The Juvenile Justice Amendment Bill, 2021: Welcome Although Incomplete

Aashita Sharma

20 Aug 2021 5:25 PM IST

  • The Juvenile Justice Amendment Bill, 2021: Welcome Although Incomplete

    In July 2021, the Parliament of India passed an amendment bill to strengthen the Juvenile Justice(Care and Protection of Children) Act, 2015 that allows district magistrates and additional district magistrates to issue adoption orders under Section 61 of the JJ Act, in order to ensure speedy disposal of cases and enhance accountability. What the amendment leaves untouched is Section 15...

    In July 2021, the Parliament of India passed an amendment bill to strengthen the Juvenile Justice(Care and Protection of Children) Act, 2015 that allows district magistrates and additional district magistrates to issue adoption orders under Section 61 of the JJ Act, in order to ensure speedy disposal of cases and enhance accountability.

    What the amendment leaves untouched is Section 15 of the Act that allows a Juvenile Justice Board (JJB) to decide on the basis of the mental and physical capacity of a child in the age group of 16-18 years, who has allegedly committed a heinous offence, if they should be tried to be held to the same standards of culpability as an adult or not. Even though lawyers and child-rights activists alike vehemently argue that the provision only appears to be neutral, and in actuality defeats the notion of substantive equality highlighting the flaws in its design, implementation and constitutionality.

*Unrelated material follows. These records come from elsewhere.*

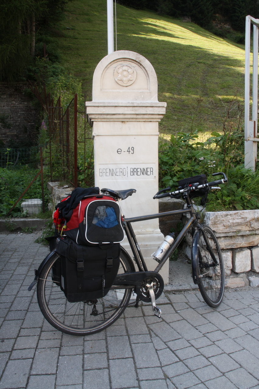 Beschreibung | Vor der Weiterfahrt wurde noch mal kurz die Werkstatt angefahren, wo am Tag zuvor der Ersatzbremssattel beschafft worden war, um dessen Einstellung zu überprüfen. Mit dieser Etappe folgte eine inverse Streckenwiederholung. Der Abschnitt Sterzing – Innsbruck wurde in umgekehrter Richtung am 26.07.2010 gefahren. Nach der schlecht ausgeschilderten Ausfahrt aus Sterzing Richtung Brennerpass wurde von der Straße auf den Radweg gewechselt, der im Gegensatz zum Jahr 2010 bis auf wenige Meter Feldweg mit sehr schlechtem Belag mittlerweile komplett asphaltiert ausgebaut ist. Dieser Wechsel stellte sich als Fehler heraus, denn dieser Radweg bringt mehrere steile Rampen bergauf und bergab mit sich, die die Straße weg lässt. Bei Ried lauern Steigungen und Gefälle mit bis zu 17 %. Mit dem beladenen Trekkingrad sollte daher, wenn der Verkehr es zulässt, zwischen Sterzing, Gossensaß und Vallming die Straße benutzt werden, bevor dort auf den Radweg gewechselt wird. Auch dort geht es in mehreren Serpentinen mit bis zu 13 % Steigung rauf zur alten Brennerbahntrasse. Ab dort lässt sich der Radweg aber sehr entspannt fahren, da die Steigung bis zur Passhöhe bahntypisch sehr moderat ausfällt. Die Abfahrt nach Innsbruck ist dafür weniger angenehm. Steile Passagen, die die Bremsen fordern, wechseln mit fast flachen Passagen, in denen kein Rollen mehr möglich ist, und zu allem Überfluss liegt in Steinach am Brenner auch noch eine leichte Gegensteigung. Bei der Einfahrt nach Innsbruck zog ein heftiges Gewitter auf, dass abgewartet wurde. Bei nachlassendem Regen musste dann erst mal die Auffahrt auf den Inntalradweg gefunden werden. Dort konnte dann dank des flachen Profils und des wohl auch wetterbedingt geringen Verkehrs Tempo gebolzt werden. Vor Unterperfuss war die Bahnunterführung abgesoffen, aber Alternativen gab es keine. Da der Weg durch das Wasser, dass an der tiefsten Stelle ca. 30 cm hoch stand, noch zu erkennen war, wurde zurück gesetzt, angetreten und durch gerollt. Im Quartier mussten die Packtaschen dann erst mal komplett geleert und zum Trocknen aufgestellt werden. Hier bewährte sich, in den Packtaschen nur Dinge zu verstauen, die entweder nass werden dürfen oder durch Plastiktüten vor Nässe geschützt sind. |
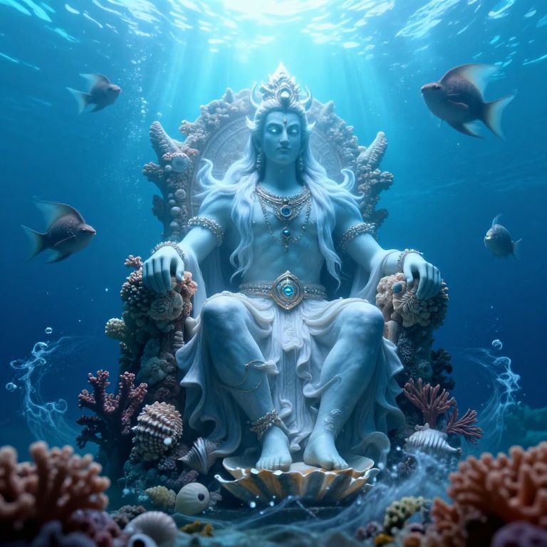 Majestic Underwater God on Throne
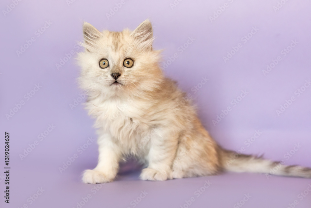 A cute silver tabby ragdoll crossbreed kitten in front of purple studio background

    The provision as it stands in conflict with the right to equality, that mandates that equals must be treated as equals. The JJB if that discriminates between similarly placed children on the nature of the offences committed by them, and on the child's capacity to understand the consequences of their act, would be selective and unequal- as no one test can differentiate the two and any test that might attempt so would be superficial. This view is supported by the decision of the Supreme Court given in Salil Bali v. Union of India (2013) and SubramaniamSwamy v. Raju (2014) that all children in conflict with law should be dealt with equally irrespective of the gravity of their offences.

    Structurally, the provision gives power to the JJB to conduct the preliminary enquiry, without ascertaining the guilt of the child- as the demarcating expression is 'in the case of a heinous offence..'. The provision, thus, presumes the guilt of the child accused and is biased towards them. If so, that would be against A. 20(3) of the Constitution, a crucial element of due process of law as held in the Maneka Gandhi v. Union ofIndia case (1978).

    The next issue arises with regards to the approach taken by the juvenile justice system in India. The theory of punishment for juveniles in India is widely regarded as rehabilitative and reformatory as held in Mumtaz Ahmed NasirKhan v. State of Maharashtra (2019), and to allow that to change to retributive for heinous offences in special circumstances would be going against well-established jurisprudence and defeat the very object of introducing the legislation. The basis is that children suffer from developmental immaturities and deficits, and thus to guide and counsel them into being upstanding citizens of society is better than putting them into institutions with hardened criminals. This is also the approach of the UN Convention on the Rights of the Child that requires every individual below the age of 18 years be treated as a 'child', as well as that of the Indian Penal Code and the Indian Contract Act that allow minority as an exception when affixing culpability.

    Additionally, as is evident by the history of many death penalties in India, there is always room for arbitrariness, subjectivity, and bias when judgment is exercised. The discretionary power to decide can prove to be very inaccurate at times as assessment of 'mental capacity' is highly complex and will inevitably suffer from some error.

    This leads one to question: what is the purpose that this provision serves? Proponents of this provision argue that it will act as a deterrent for other minors and will also ensure that the mature juveniles are punished. For the former, the NCRB data shows that, a total of 1.2% of all crimes in India are committed by juveniles, of which only 5-8% were apprehended for heinous crimes, as this number is too miniscule to have such drastic effect on policy-making, the relevance of deterrence should not emerge. The latter issue of punishing mature juveniles, if the theory of reformation and minority as a defence is followed, would lapse, thereby rendering Section 15 as excessive, insensitive and against the best interests of the child.

    Thus, in the face of increasingly progressive juvenile justice jurisprudence, to have a provision that criminalises delinquency at will is an anathema. So, although the Juvenile Justice Amendment) Bill, 2021 did not look into the validity and effectiveness of Section 15, future amendments must undo this provision and focus must be brought back to rehabilitation of juveniles rather than institutionalizing them.

    The author is a legal researcher based in Delhi, currently researching conditions of service for domestic workers in the NCT area. Views are personal.